A wealth fund spokesman did not answer questions about Mr al-Rumayyan’s absence, but four participants closely associated with him said he tested positive for Covid-19. He was even absent from this week’s typical evening get-together: a rich dinner for many event speakers at his home in Riyadh, the capital.

Mr Schwarzman of Blackstone attended the conference for the third time and paid tribute to his existing relations with Saudi Arabia. As an informal adviser to the Trump administration for the economy and trade, he attended Mr. Trump’s state visit to Riyadh in 2017 and during that time announced a groundbreaking investment deal of up to $ 20 billion with the Saudis. After the riots at the Capitol, he broke up with Mr. Trump. But his business relationship with the Saudis, who have long been investors in various Blackstone funds, continues.

During his Tuesday morning panel in front of a packed full ballroom, Mr. Schwarzman appeared in a good mood. He promoted a book by money manager Ray Dali, who was sitting next to him on stage and joking, “I don’t even get a commission for that.”

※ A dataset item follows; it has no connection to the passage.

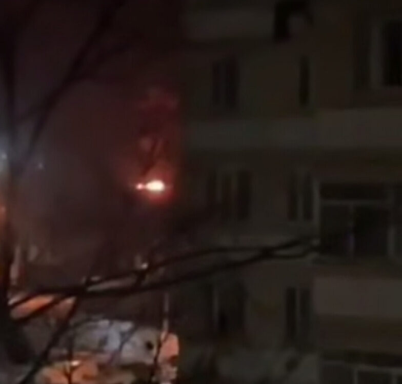 Телеграм-канали опублікували відео, на якому чутно звуки вибухів та видно пожежу.
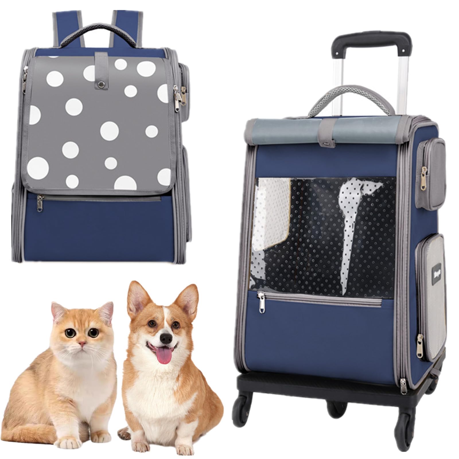 ペットキャリー リュック キャスター付き 3way多機能設計 小型犬 猫対応 キャリーケース 分離式&折り畳み可能な車輪 猫用キャリーバッグ

He referred to the financial burdens posed by the environmental movement to oil and gas companies, and argued that the difficulties they face in borrowing money could ultimately reduce energy supplies, leading to social and political unrest. He talked to fellow interlocutors about whether they would rather invest in gold, dollars, euros or Bitcoin.

Another participant, Anthony Scaramucci, an investment fund manager who held a short-term job as Trump’s director of communications at the White House to later break up with him, said he was actively trying to raise money from Saudi investors.

“I’m raising money,” he said at the conference. “All day and all night.”

Mr Scaramucci warned that no one should be punished for raising capital through former government contacts when they leave politics. Despite numerous public attacks on Mr Trump in recent years, he praised both Mr Mnuchin and Mr Kushner, calling them “very smart guys”.

“For me, it’s a free market,” Mr Scaramucci said. “I’m not like those guys throwing eggs and tomatoes at these things.”